That makes the case in question, Harry Harrison's novel, Bill
the Galactic Hero, a fine
satire that, unlike the author's better-known Make
Room! Make Room! (filmed as
"People are Soylent Green!"),
hasn't yet been made into a movie. And
that's a shame, because I laughed at the stupidity that was mocked on
almost every page. F.
H. Buckley, in his article about another satirist, Evelyn
Waugh, wrote, "Laughter assumes a normative order from which the
butt of the joke has deviated. In
laughing we identify a comic vice, and since this entails a comparison
with a superior life, comic vices assume comic virtues.

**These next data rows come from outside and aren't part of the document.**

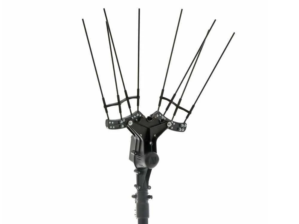 Perche télescopique réglable avec une hauteur variable de 210 cm à 330 cm.
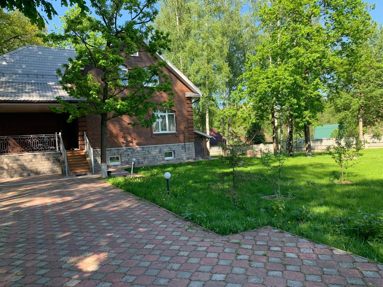 Материал дома кирпич, дом-баня - брус.
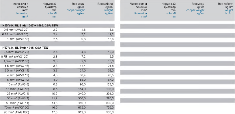 | Артикул | Название | Информация | Диаметр | Размеры | Вес меди | Вес кабеля |
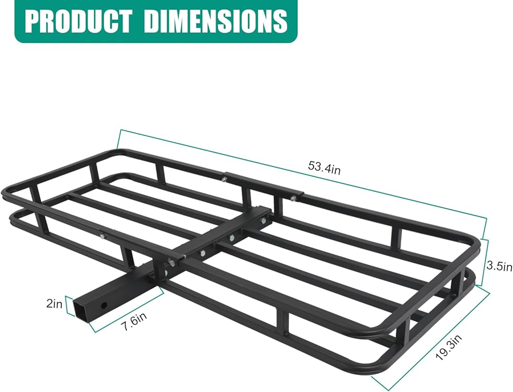 سعة تخزين إضافية: يبلغ مقاس حامل البضائع حوالي 53 بوصة طولًا × 19.3 بوصة عرضًا × 3.5 بوصة ارتفاعًا، ويضيف حوالي 7 أقدام مربعة مساحة تخزين فورية لسيارتك
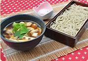 温かい汁に冷たい蕎麦をつけてお召し上がりください。
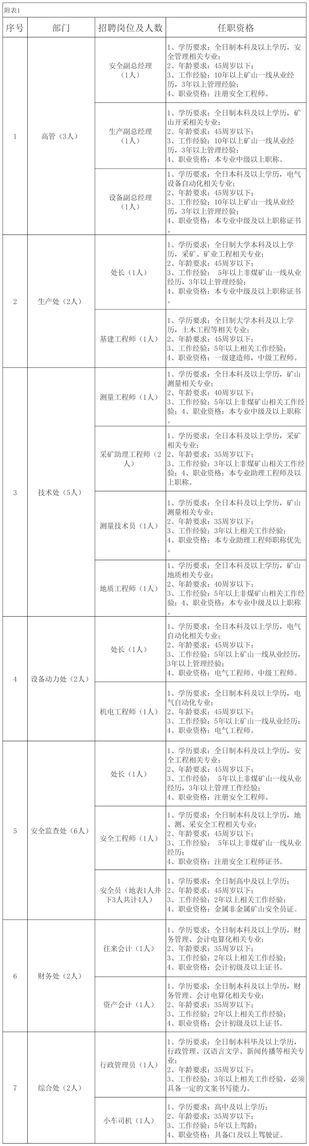公司目前持有一个采矿权和两个探矿权,其他相关手续正在办理中,预计2026年投产建设,未来三年预计投资27.62亿元建成银金属采选规模为297万吨/年大型现代化智能矿山,因公司发展需要,现面向社会公开招聘22人。具体招聘岗位及任职资格如下(附表1):
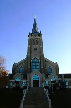 St. Mary Historic District is a national historic district located at Lafayette, Tippecanoe County, Indiana. In 1864, St. Mary's Catholic Church relocated from its original site at Fifth and Brown Streets to Columbia Street. With the move, many of the congregation also moved to this area. The Church became both a religious and social center for the neighborhood.[2] Many of the homes date from the 1860s and 1870s and include fine examples of the Italianate, Greek Revival and Queen Anne styles as well as vernacular house types. Most of the people who built in this area were Lafayette businessmen. At 1202 Columbia Street James Ball, a local wholesale grocer left his name stamped into the front steps. Across the street is the James H. Ward House, who along with his brother, William, owned a local carpet and wallpaper business.[2][3]
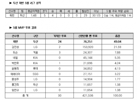 한국야구위원회(KBO)는 곽빈이 기자단 투표 총 30표 중 24표(80%), 팬 투표 42만 1536표 중 7만 6251표(18.1%)로 총점 49.04점을 받아 5월 월간 MVP로 선정됐다고 11일 발표했다. 2위는 기자단 투표 2표, 팬 투표 15만 3920표로 총점 21.59점을 기록한 LG 김진성이었다.
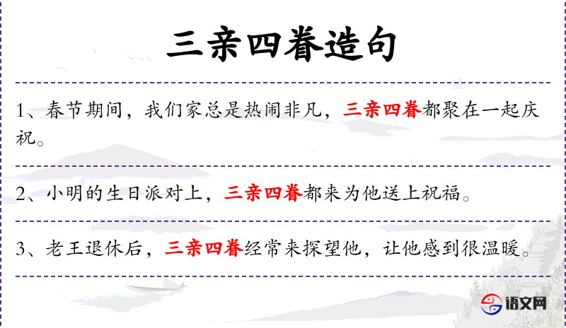 - 三亲四眷:成语,指亲戚朋友。

He who laughs must be a moralist, and this is particularly true of
the satirist. In the preface
to Absalom and Achitophel,
Dryden announced that 'the true end of Satyre is the amendment of Vices by
correction.'" I
found the whole book very funny, to the point I was envious of the
author's ability to make me laugh. Some,
I suppose, won't find it so funny. Buckley
had some comments about such people: "[There
is a] link between satire and conservatism: The conservative accepts the
norms of comedy, while the lifestyle liberal rejects them and the laughter
that goes with them. 'That's
not funny,' he says. And from
his perspective he is right. The
ACLU machine lawyer, the dour feminist, and the modern artist all know
that whenever they hear laughter, their most cherished ideas are under
attack." In
other words, when you run across someone who can't take a joke . . .
needle them. And after that,
needle them still more. Bill,
our titular hero, is a bumbling mountain of good-natured peasant muscle
whose brain-power is in direct inverse proportion to his neck size.

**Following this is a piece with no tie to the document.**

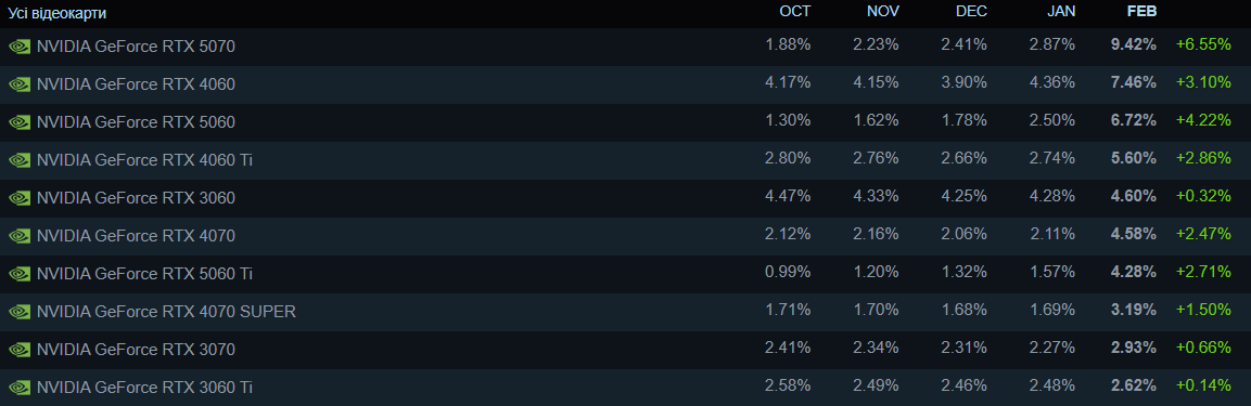 Статистика Steam: GeForce RTX 5070 раптово стала найпопулярнішою відеокартою
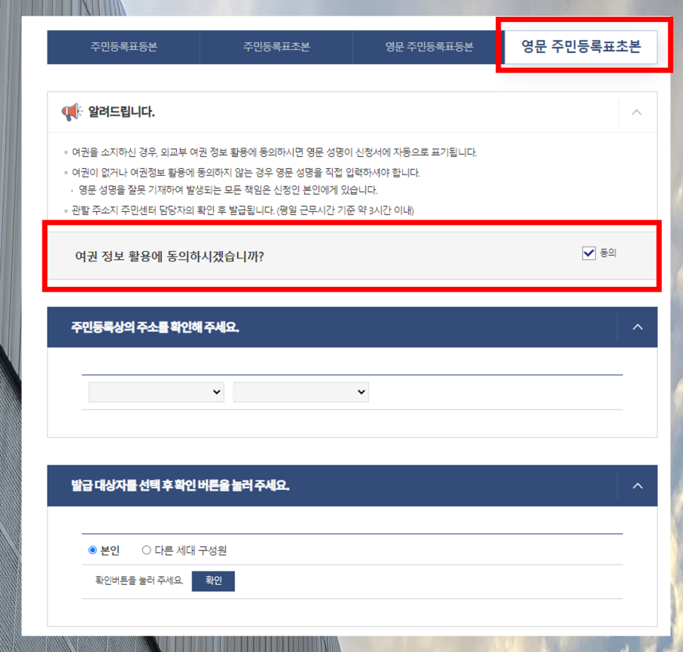 3. 주민등록등본 영문 발급

Thus begins his troubles of our dim-witted, soon-to-be Galactic
Hero. The
novel starts off with poor innocent Bill, who lives on the planet
Phigerinadon II, taking time
off from his correspondence course for his career as a Technical
Fertilizer Operator to plow some farmland.
He doesn't get very far in either his correspondence course or his
plowing. Next
thing he knows, he's entranced by a passing parade, which, unknown to him,
is actually a con to get lunks like Bill to join the war effort, which
seems to have been going on for, well, forever.
One Sergeant Grue sets his eye on Bill, seeing him as a
"broad-shouldered, square-chinned, curly-haired chunk of electronic
cannon fodder." He
regales Bill with tales of glorious battles with the evil Chingers, alien
scourge of the human race (or so he tells Bill), in which the Chingers die
by the millions while homo sapien troopers "only suffered neat little
wounds in their extremities which could be covered easily by small
bandages." Bill
falls for Grue's spiel, helped along by the fact Grue spikes his drink.
Soon--very soon--Bill and the rest of the befuddled recruits are
shanghaied to Camp Leon Trotsky, where they fall into the hands of
Chief Petty Officer Deathwish Drang ("chief demon in this
particular hell," writes Harrison), who has fangs and immense fists
"scarred from the breaking of thousands of teeth." "You
will call me 'sir' or 'm'lord,'" Drang snarls at the terrified
recruits. "I am your
father and mother and your whole universe and your dedicated enemy, and
very soon I will have you regretting the day you were born.
I will crush your will. When
I say frog you will jump. My
job is to turn you into troopers, and troopers have discipline.
Discipline means unthinking subservience, loss of free will,
absolute obedience. That is all I ask . . . ." Things
don't get any better for Bill. He
has a lot of adventures (in the loosest sense of the word), and what
finally makes him a Galactic Hero
is when he accidentally blows up a Chinger warship that is about ready to
vaporize the spaceship he is stationed on.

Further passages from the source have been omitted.